Cocoa beans very easily absorb moisture and odors, that is why they are transported in special bags of jute, and the powder can be transported only in wooden containers but sometimes bags can heat up from friction, and if moisture appears, this leads to damage to the commodity.
The World Market
Ivory Coast is the predominant country in the cocoa industry, with a total volume of 30% of total world production. Most of the world demand for this product comes from processing companies.
During 2016-2017, the global demand for chocolate confectionery products exceeded 7,450 tons, which is 10 percent more compared to 2011 figures.

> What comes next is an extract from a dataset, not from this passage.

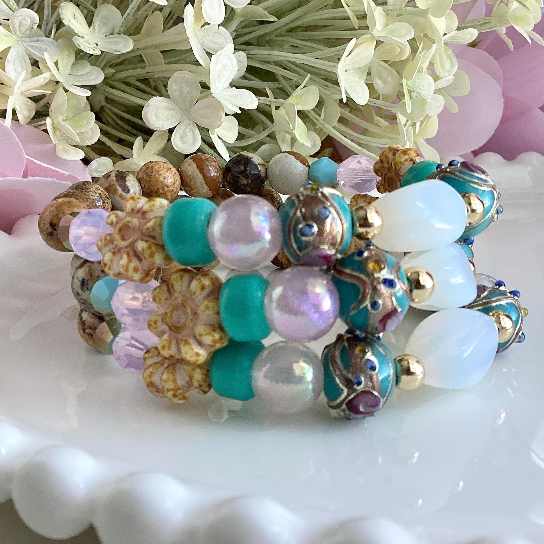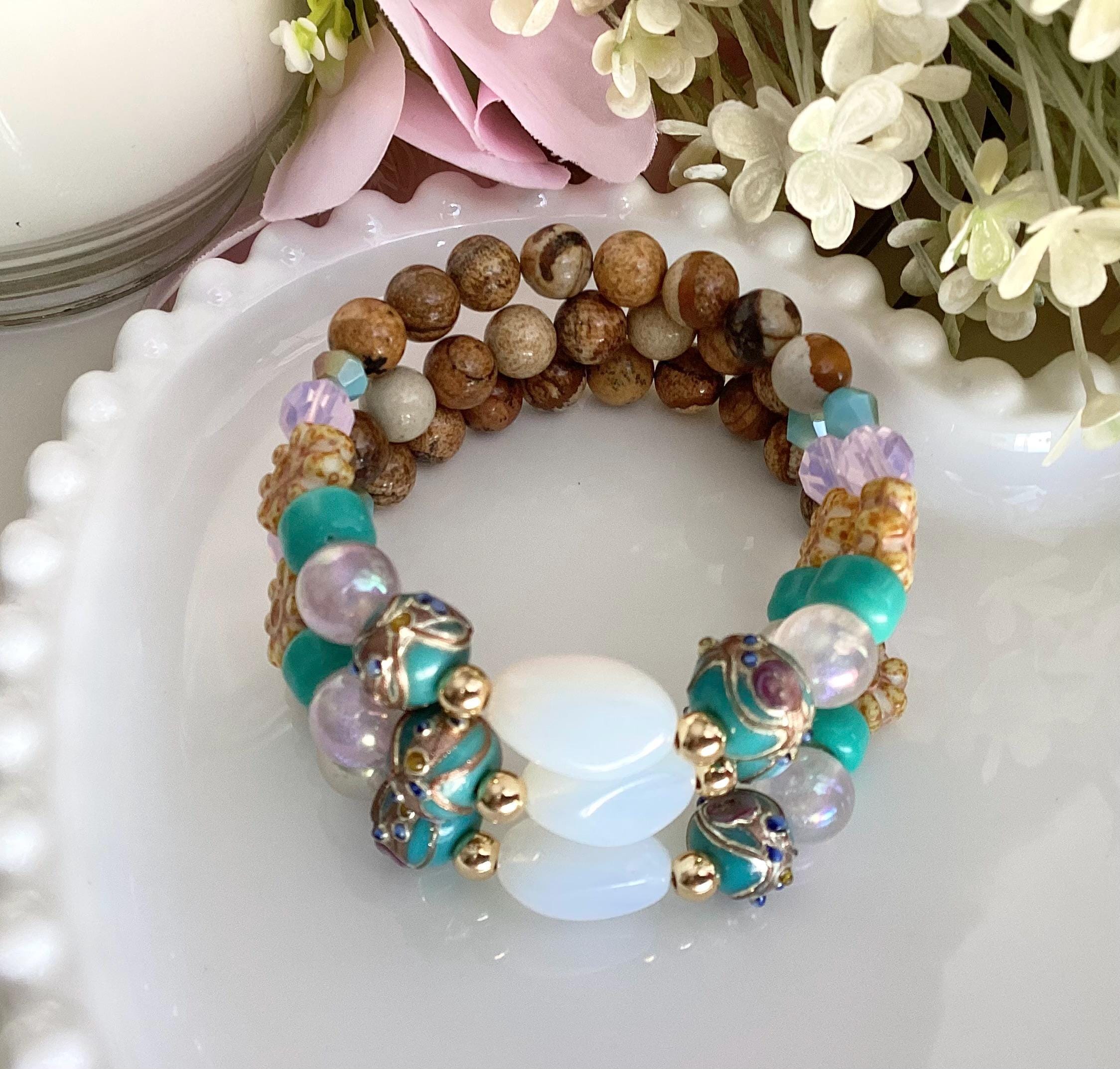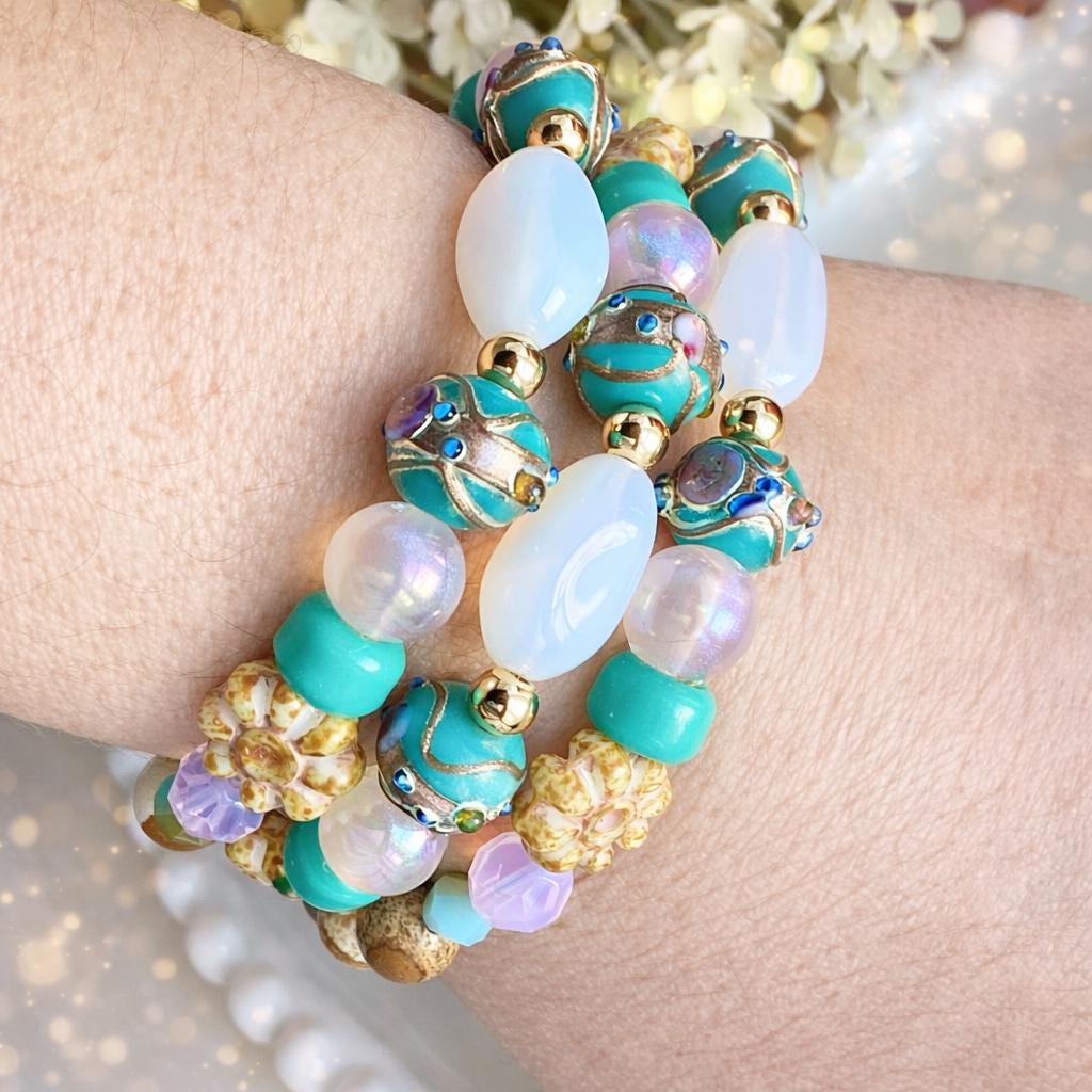 Bracelet, turquoise lumineux, rose délicat et jaune moutarde

The demand for the chocolate industry is fueled by increased consumption in China and India. In India, consumption grew by 13 percent in 2016. 20 percent of global chocolate consumption comes from the United States. The highest chocolate consumption per capita in Switzerland is 11 kg/year of chocolate.
Cocoa beans prices showed good growth, driven by declining bean revenues in the ports of Ivory Coast, as well as the end of the 2017 and 2018 season in West African countries with lower carry-overs, which seasonally contributes to price increases. The low liquidity in the Ivory Coast financial system, which is caused by the liquidation of the largest local exporter of cocoa beans, creates problems for cocoa exports at the beginning of the new 2019 season.
Many economists believe that the cocoa industry balance will shift from a surplus to a shortage of supply due to a decline in the production of beans in the world and the return to the market of processing companies.